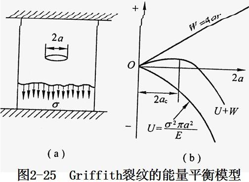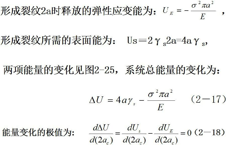 他假定有一块单位厚度的薄板,两端在远处被固定并作用均匀拉伸应力σ。如果板内有一个长为2a的穿透裂纹,裂纹扩展的驱动力来自系统内部存储的弹性能释放, 如图2-25所示。若裂纹发生扩展,则裂纹面积会增加,增加单位面积所需的能量叫表面能 γs。
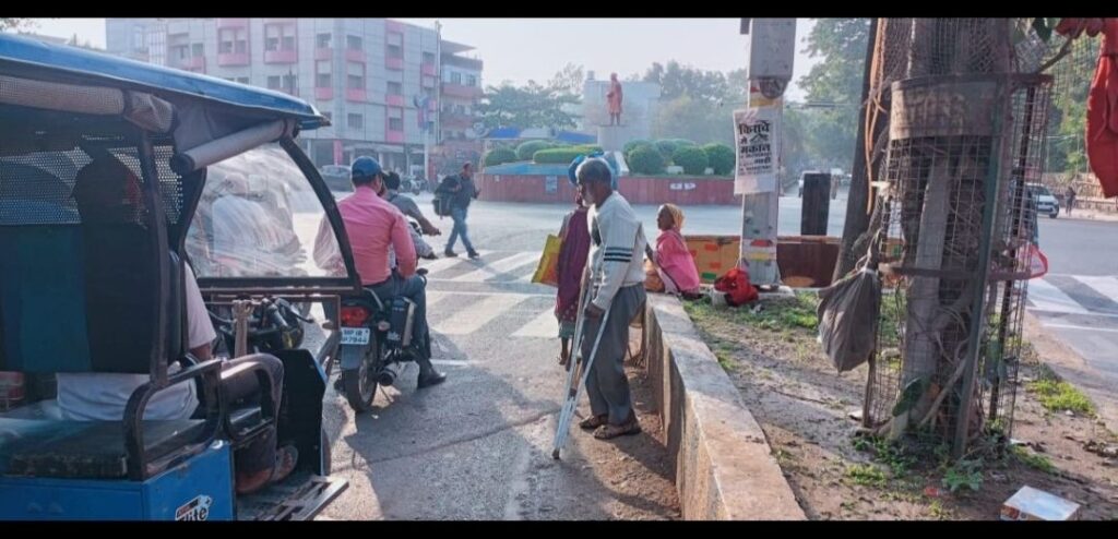 महानगर के नेहरू चौक पर भीख मांगते भिखारी
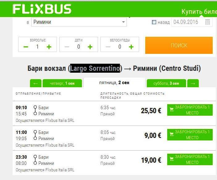 Рейсы SINDBAD . отправляются по понедельникам, средам и субботам в 5.21 утра от автостанции Бари. Через 8 часов 54 минут в 14.15 автобус прибывает к железнодорожному вокзалу Римини.
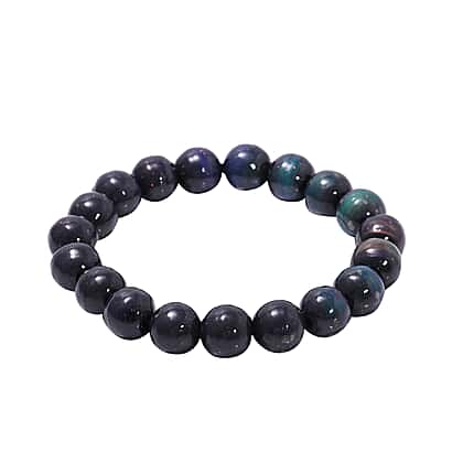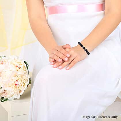- Dark-hued beads of the bracelet are strung into a stretchable string
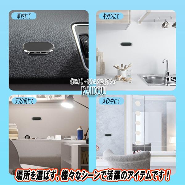 強力マグネット&両面テープでしっかりと固定がされ、運転席の視界を妨げないコンパクトサイズの車載マグネットスマートフォンホルダーです。
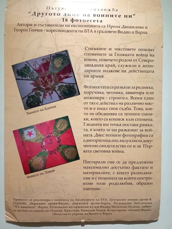 В деня на 106-та годишнина от пагубния за България Ньойски договор и по повод 110 години от включването на България в Първата световна война, със съдействието на КДК - Враца, Регионален исторически музей - Враца и Асоциацията на сухопътните войски - клон Враца беше открита документалната фото-изложбата "Другото лице на войните ни". Авторите Ирена Данаилова и Георги Генчев са подбрали 16 лични истории на войници от Шеста пехотна бдинска дивизия. Командирът, Войводата, Авиаторът, Свещенникът, Инженерът, Музикантът, Студентът и др. са образи на обикновени хора от Северозапада, попаднали във вихъра на Голямата война, които въпреки жестокостите и лишенията, запазват човешкото в себе си. Това е една история за героизма.

• _Work item_
Please print the material exactly as given above, omitting the pictures.

• _Response to this exercise_
 他假定有一块单位厚度的薄板,两端在远处被固定并作用均匀拉伸应力σ。如果板内有一个长为2a的穿透裂纹,裂纹扩展的驱动力来自系统内部存储的弹性能释放, 如图2-25所示。若裂纹发生扩展,则裂纹面积会增加,增加单位面积所需的能量叫表面能 γs。
 महानगर के नेहरू चौक पर भीख मांगते भिखारी
 Рейсы SINDBAD . отправляются по понедельникам, средам и субботам в 5.21 утра от автостанции Бари. Через 8 часов 54 минут в 14.15 автобус прибывает к железнодорожному вокзалу Римини.
- Dark-hued beads of the bracelet are strung into a stretchable string
 強力マグネット&両面テープでしっかりと固定がされ、運転席の視界を妨げないコンパクトサイズの車載マグネットスマートフォンホルダーです。
 В деня на 106-та годишнина от пагубния за България Ньойски договор и по повод 110 години от включването на България в Първата световна война, със съдействието на КДК - Враца, Регионален исторически музей - Враца и Асоциацията на сухопътните войски - клон Враца беше открита документалната фото-изложбата "Другото лице на войните ни". Авторите Ирена Данаилова и Георги Генчев са подбрали 16 лични истории на войници от Шеста пехотна бдинска дивизия. Командирът, Войводата, Авиаторът, Свещенникът, Инженерът, Музикантът, Студентът и др. са образи на обикновени хора от Северозапада, попаднали във вихъра на Голямата война, които въпреки жестокостите и лишенията, запазват човешкото в себе си. Това е една история за героизма.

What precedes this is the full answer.